I.e., at the instant of stopping at the 0.1" mark, what did the
1000 lb. weight effectively weigh?


Date: 08/24/2001 at 09:08:18
From: Doctor Rick
Subject: Re: Effective force exerted by a moving mass

Hi, David, thanks for writing to Ask Dr. Math.

There is not enough information here to calculate an effective force. 
Force is related to acceleration, not velocity. What matters is not 
how fast the mass is moving when it hits, or how far it has moved, but 
how quickly it is slowed down by the impact. The force is the rate of 
change of momentum. The momentum is the velocity times the mass, which 
is initially 4.17 foot-pounds per second in your example. If the 
impact stops the object, then the momentum goes to zero.
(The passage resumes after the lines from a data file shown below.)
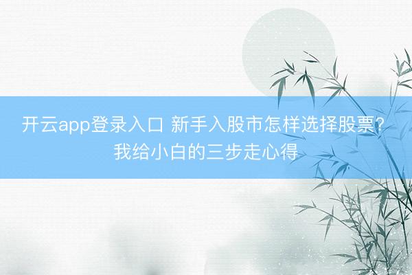 开云app登录入口 新手入股市怎样选择股票? 我给小白的三步走心得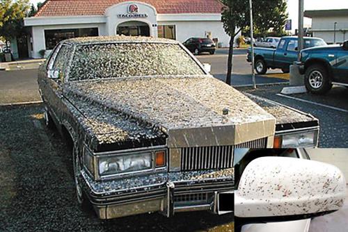 鸟粪和昆虫尸体中含有酸性物质,长时间停留在车上,会对车身漆面有产生腐蚀,这是每一个爱车的车主最不能容忍的,因此,见到它们,应迅速将之除去,但是,千万不可用硬物硬抠。如果没来得及马上去除,但是鸟飞或昆虫尸体又没有完全硬化,可将稀释过的汽车清洁剂倒在上面,然后用纸巾或毛巾覆盖在上面,即可除去。如果车停的太久没发现,鸟粪已经硬化,小i建议可以拿一块毛巾蘸点汽油,覆盖于鸟粪表面,再顽固的污物都能立刻去无踪。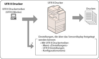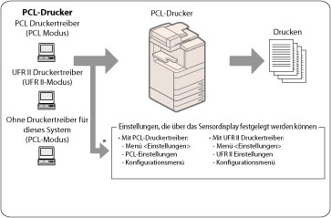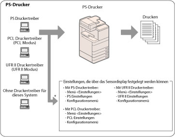 Unterschiede in der Bedienung bei UFR II, PCL, PS und Direct Print Druckern
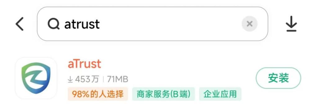 1.安卓:各大应用市场搜索“aTrust”,下载并安装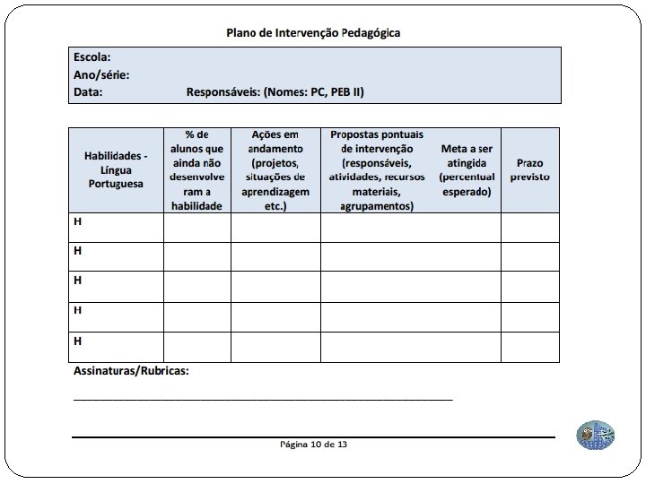 ORIENTAÇÕES PARA O ACOMPANHAMENTO DA INTERVENÇÃO PEDAGÓGICA - PIP Conforme o Documento Orientador para elaborar o Plano de Intervenção Pedagógica é necessário considerar: • Construir o plano coletivamente; • Ser orientado e acompanhado pelos Supervisores de Ensino, PCNPs e PCs; • Instrumento que deve consolidar a parceria e a corresponsabilidade entre os atores; • Incluir outros profissionais como PA (Professor Auxiliar), PAA (Professor de Apoio à Aprendizagem), Professor da Sala de Leitura, Professores das disciplinas do Currículo, etc. • Levar em conta os Projetos já em andamento na escola ou nas ações de implementação curricular em progresso.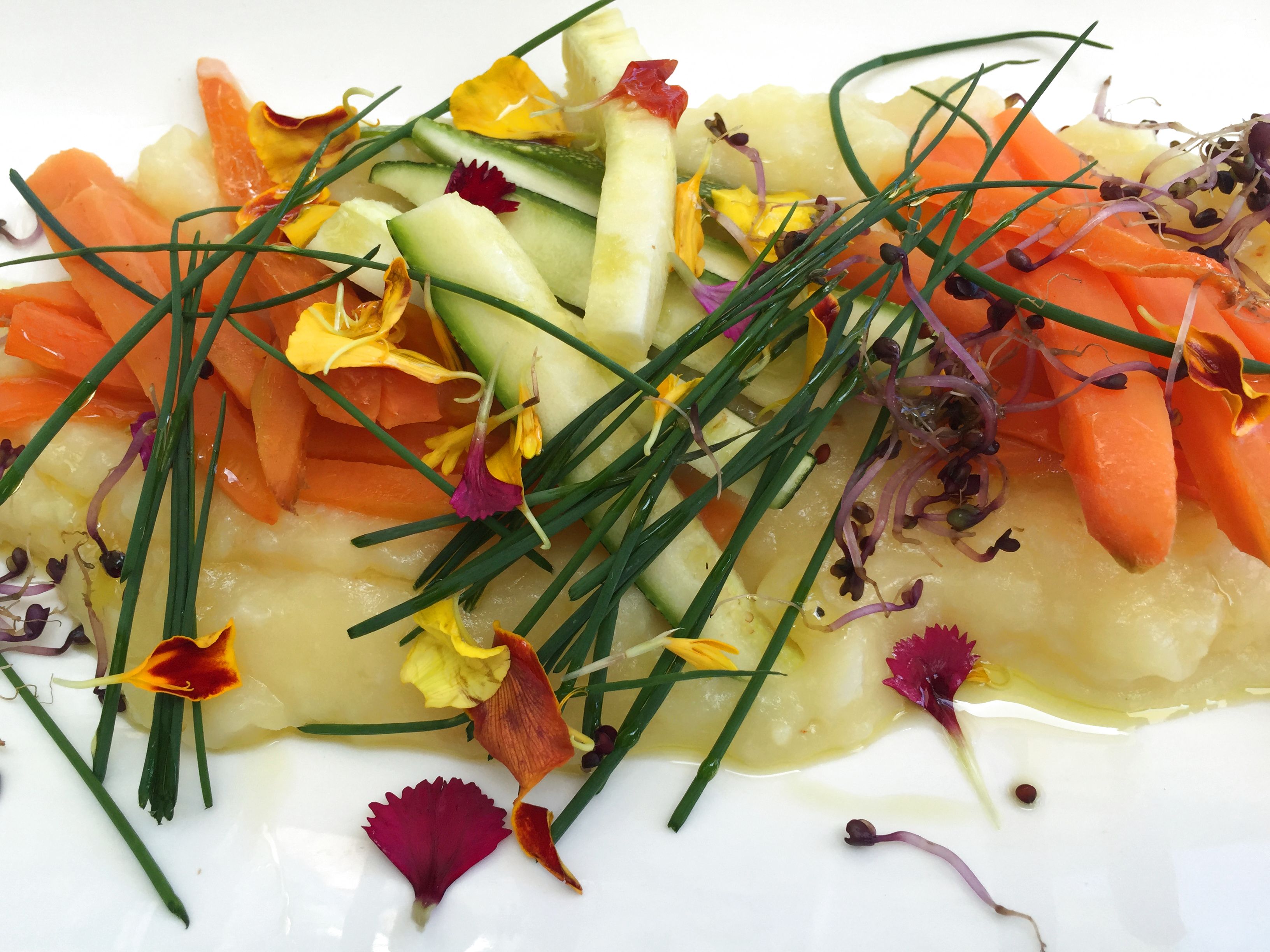 Puré de patatas al romero con germinados y bastoncitos de verduras, para mi manera de entender la gastronomía se trata de una buena guarnición que acompañe a una carne o pescado.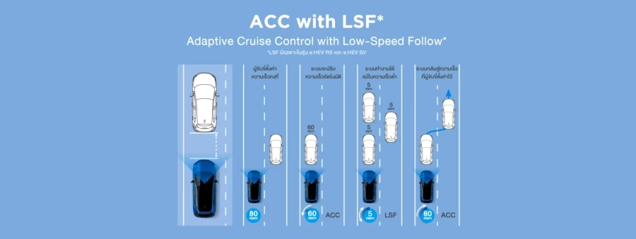 - ระบบควบคุมความเร็วอัตโนมัติแบบแปรผัน (Adaptive Cruise Control: ACC) (รุ่น S+, SV และ RS) พร้อม ใหม่! ระบบปรับความเร็วตามรถยนต์คันหน้าที่ความเร็วต่ำ (with Low-Speed Follow: with LSF) (เฉพาะรุ่น e:HEV SV และ e:HEV RS)

What we don't 
know is how long it took for the object to stop. If it takes 1 second, 
then the average force is 4.17 foot-pounds per second divided by 1 
second, or 4.17 foot-pounds per second squared. If it takes half as 
long, the average force is twice as much.

I will copy below a discussion that I had nearly three years ago 
concerning the effective weight of a dropped object. It's lengthy, but 
it may be of interest to you.
----------------------------------

TimeStamp: 11/11/98 at 23:44:27
From: Lou
To: Doctor Rick

Hello,

I know that this is a physics problem but it came up in a math
discussion. If a weight of, say, 40 lbs is dropped from a distance of
a given height (let's say 4 feet), what is the impact force when it
hits the ground? I calculated it using f = ma and s = 1/2 at^2. No 
matter what distance I use, I always come up with 40 pounds. 
Intuitively, it seems that the higher the object is dropped, the 
greater the force on impact. Also, for very small heights, it seems 
that the impact in these cases would always be 40 pounds. I'm 
confused!  Thanks for your help.

TimeStamp: 11/12/98 at 13:23:24
From: Doctor Rick
To: Lou

Hi, Louis. I think you are using f = ma with a = g, the acceleration 
due to gravity. Obviously the height does not enter into the equation 
for f. But this is not the relevant acceleration. Did you ever hear 
the joke, "Falling doesn't hurt me a bit - it's the stop at the end 
that hurts"?

While the weight is falling, its acceleration is g. When it hits the
ground, its acceleration is higher, because it stops in a much shorter 
time than it took to get up to its final speed. It's the higher 
acceleration that hurts!

How fast does the weight stop? That's the hard question. Just suppose 
that it stops in a distance of 1/4 inch - that's how deep a dent it 
makes. You can work out how fast the weight is moving when it hits 
(v0), and then use

  0 = v0 - at
  1/4 inch = (1/2) at^2

to solve for a. I don't think this is a very good model for how the 
weight actually stops (surely the dent will get deeper with height), 
but at least you will see that the stopping force increases with 
height.

If you have learned about spring forces, you might suppose that the 
weight lands on a spring (a trampoline, perhaps) with some spring 
constant, and work out a better model for the impact. You might also 
think about why air bags save lives.

- Doctor Rick, The Math Forum

TimeStamp: 11/12/98 at 23:05:16
From: Lou
To: Doctor Rick

Dr. Rick,

I appreciate you getting back to me on my question on free-falling 
objects. If you could answer a couple of follow-up questions, it would 
become clearer to me.

I think what you are saying is that the greater the "stopping 
distance" (time of impact to final dead stop), the less it "hurts." 
Does this mean that the energy is spread over a greater distance? Is 
it correct to say that dropping a 40-pound weight from a 4-foot drop 
is still 40 pounds? Would it still be 40 pounds from a 16-foot, or 
even a 400-foot drop? I dropped a weight on a bathroom scale from 
different heights and I see massive differences at small changes in 
heights. Again, I thank you very much for your time.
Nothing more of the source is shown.